Aus dem Alter wo ich vorne bedruckte T Shirts anhatte bin ich schon raus ....da passt dann der Nick Name hin


----------



## Mega Rage (16. Oktober 2010)

Ich bin ja eher für Vorne, das sieht aufm Gruppenfoto einfach besser aus


----------



## der8auer (17. November 2010)

Also die Umfrage war nun lange genug offen.
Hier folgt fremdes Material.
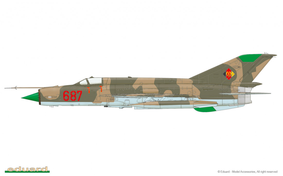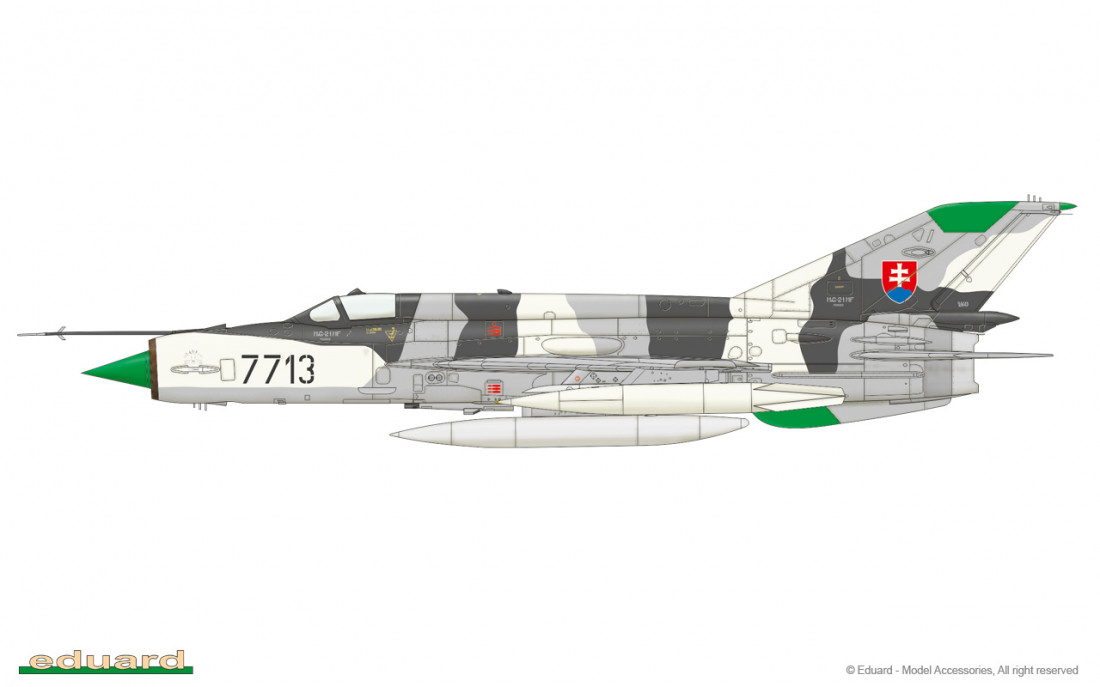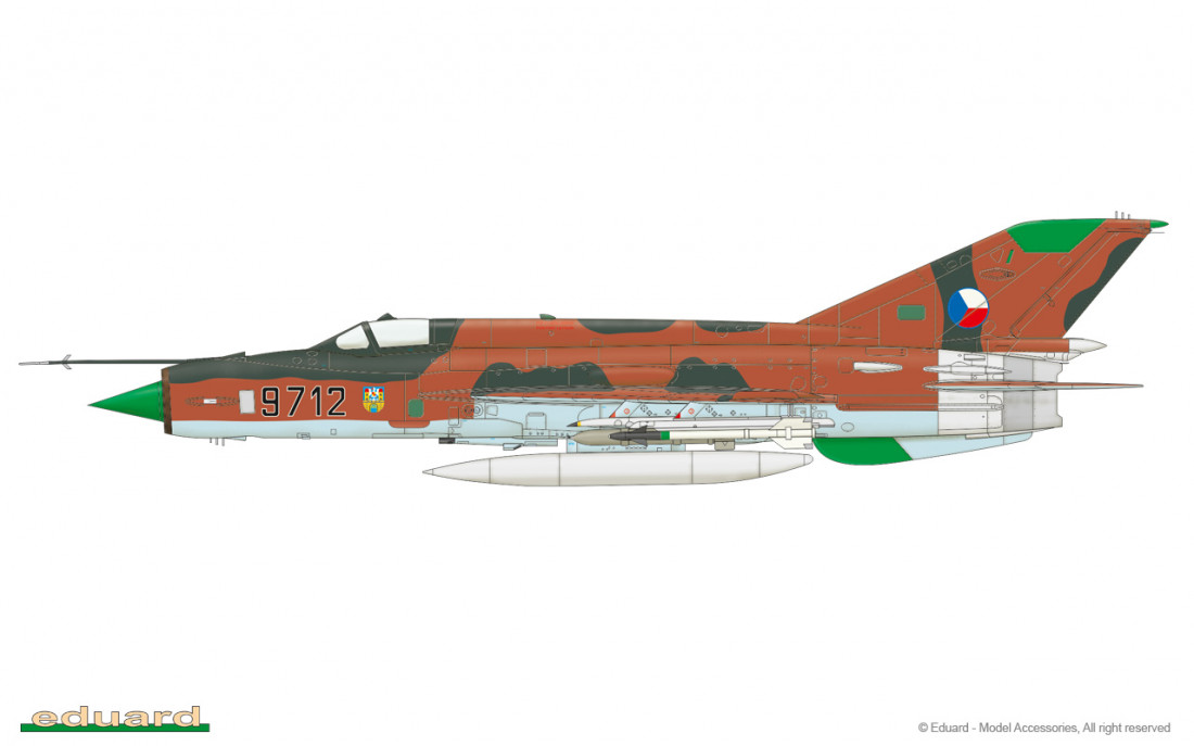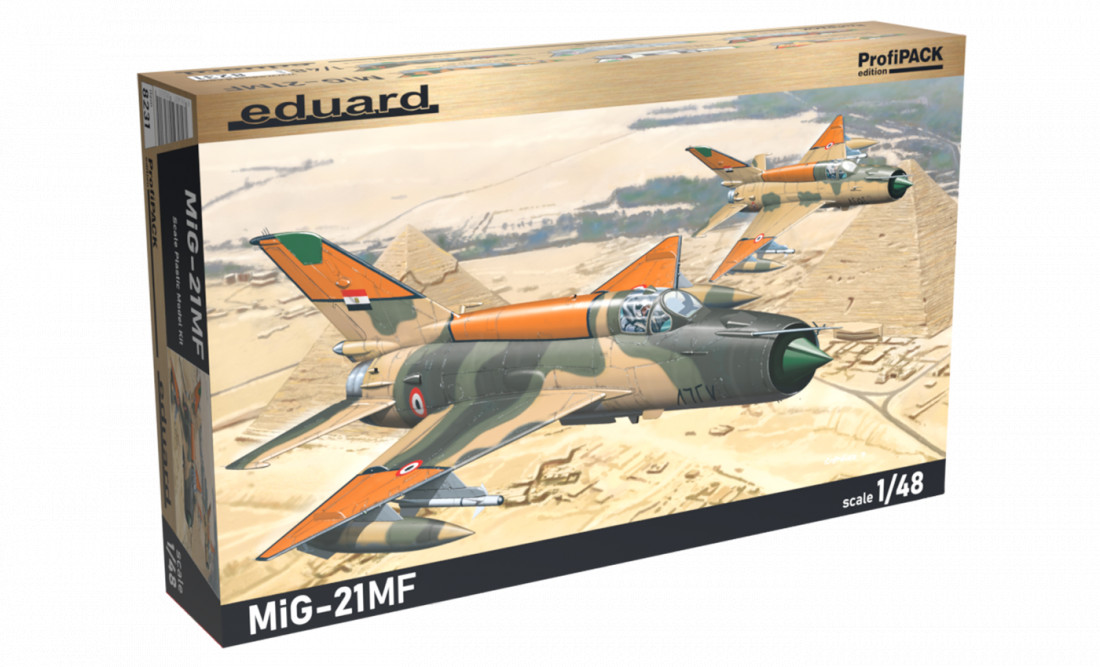 Plastiková stavebnice sovětského stíhacího proudového letounu MiG-21MF, edice ProfiPACK v měřítku 1:48.

Damit steht das Ergebnis fest und die Shirts werden hinten bedruckt.


----------



## True Monkey (17. November 2010)

....

Also her damit


----------



## Vaykir (17. November 2010)

wann und wo sind die kaufbar?
wär doch geil, wenn man schon welche am 11/12.12 bei der bench session anhätte XD


----------



## der8auer (17. November 2010)

Hwbot: Gratis-T-Shirts für Übertakter von Caseking - hwbot 

Genauen Liefertermin kann ich dir leider noch nicht sagen.


----------



## Vaykir (17. November 2010)

dann verlier mal meine PN nicht XD


----------



## der8auer (17. November 2010)

Alles notiert  Keine Sorge!


----------



## CPU-GPU (17. November 2010)

is da denn vorne der Nick name der entsprechenden person drauf oder wie??


----------



## der8auer (17. November 2010)

Nein. Nur hinten das Logo wie in der News zu sehen.


----------



## Vaykir (18. November 2010)

dein nick musste wohl selber drauf drucken.
aber das jetzt wohl net das problem oder?^^


----------